**EXCERPTED RECORDS**
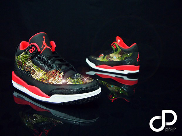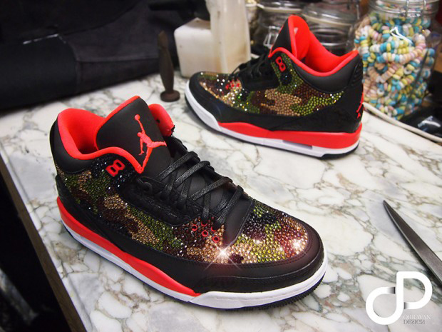 球鞋定制创意愈发广泛,此番球鞋定制爱好者 Orravan Design 将迷彩以及水钻材质两种原本看上去似乎毫无关系的元素相结合,打造出了这款 Air Jordan 3 “Brilliant Camo” 个人定制作品。鞋款鞋身大部分均已水钻覆盖,并显现出迷彩图案。虽然实物效果有待商榷, 但是创意令人感到十分新颖。
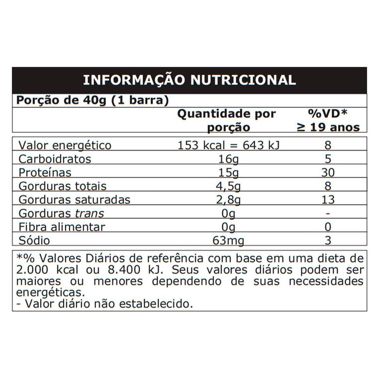 Pioneira no mercado de suplementos alimentares, a Whey Bar é uma barra a base de proteínas, com destaque para whey protein, contendo menos de 160 calorias por barra.Whey Bar é uma barra a base de proteínas, com destaque para whey protein, associada a carboidratos. Whey Bar contém adição de 12% da IDR (Ingestão Diária Recomendada) de vitaminas e minerais e apenas 151 calorias por barra.
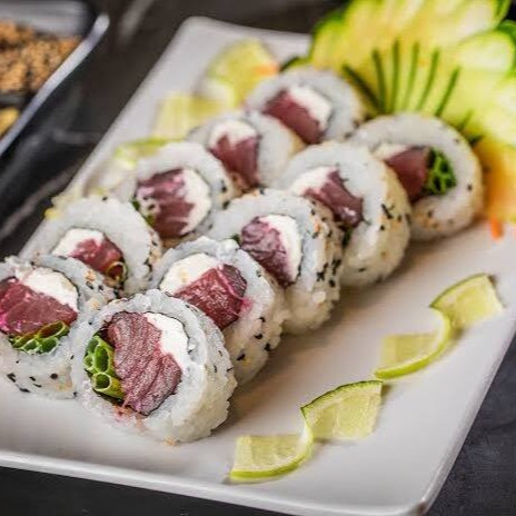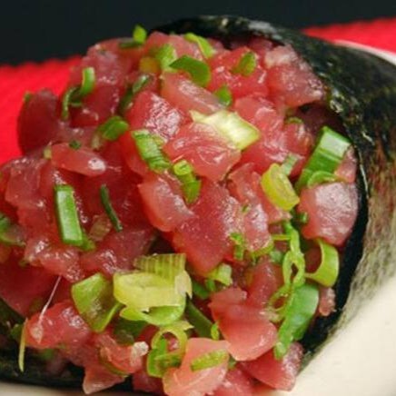 Alga nory envolto de arroz atum cream shesse cebolinha .
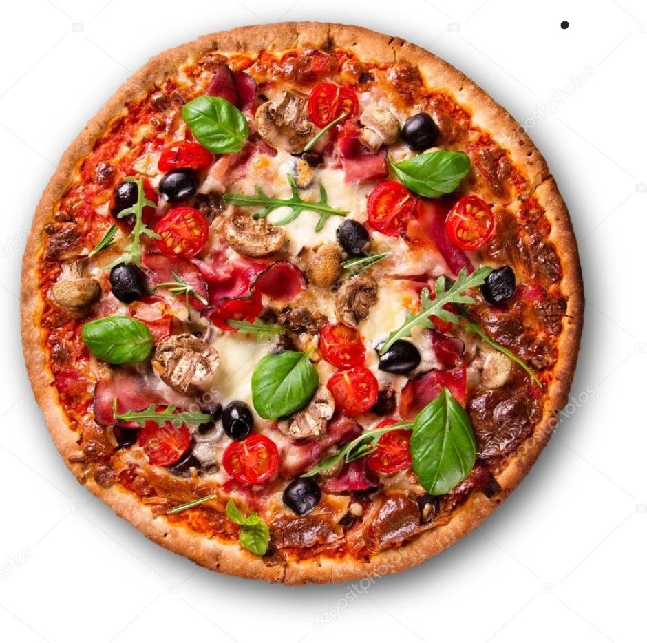 Peppers, onions, mushrooms, black olives, fresh tomatoes, spinach.
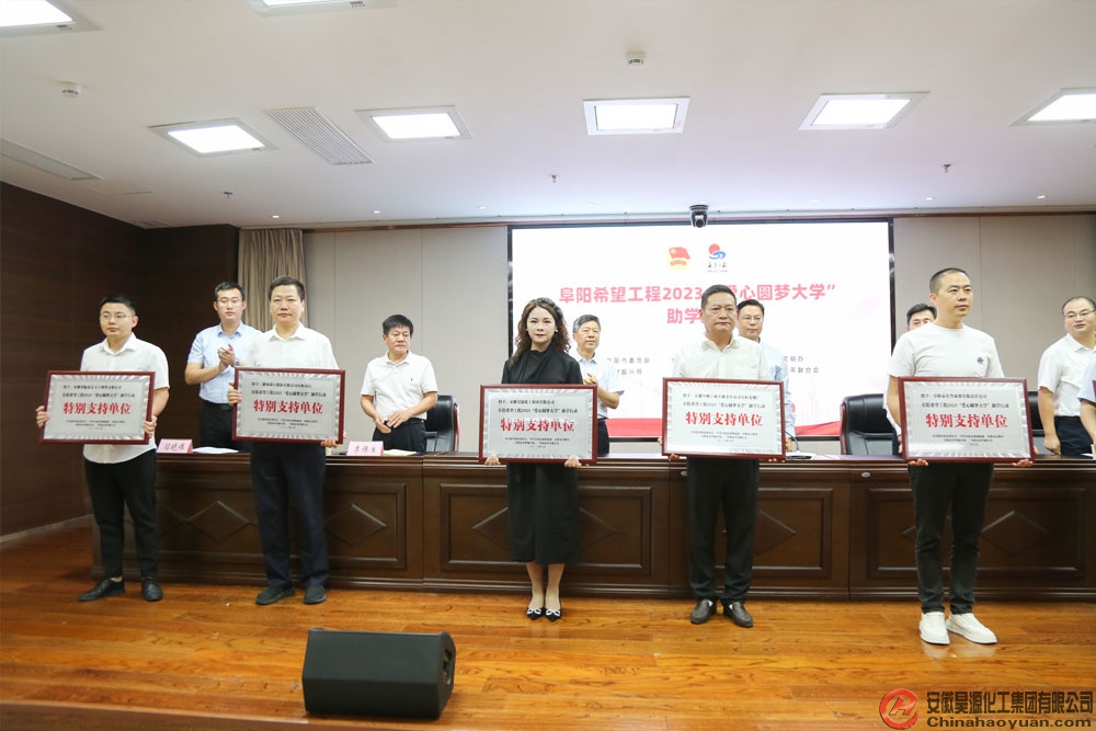 9月1日上午,阜陽市希望工程2023“愛心圓夢大學(xué)”獎牌發(fā)放儀式在市政府會議室舉行,昊源公司被授予“愛心圓夢大學(xué)特別支持單位”稱號,公司團(tuán)委書記朱梅代表公司領(lǐng)取獎牌。

**WHAT YOU NEED TO DO**
The result should hold only the lines from the line with "Pioneira no mercado" through the final line of the records above, copied exactly, with pictures left out.

**TASK OUTPUT**
 Pioneira no mercado de suplementos alimentares, a Whey Bar é uma barra a base de proteínas, com destaque para whey protein, contendo menos de 160 calorias por barra.Whey Bar é uma barra a base de proteínas, com destaque para whey protein, associada a carboidratos. Whey Bar contém adição de 12% da IDR (Ingestão Diária Recomendada) de vitaminas e minerais e apenas 151 calorias por barra.
 Alga nory envolto de arroz atum cream shesse cebolinha .
 Peppers, onions, mushrooms, black olives, fresh tomatoes, spinach.
 9月1日上午,阜陽市希望工程2023“愛心圓夢大學(xué)”獎牌發(fā)放儀式在市政府會議室舉行,昊源公司被授予“愛心圓夢大學(xué)特別支持單位”稱號,公司團(tuán)委書記朱梅代表公司領(lǐng)取獎牌。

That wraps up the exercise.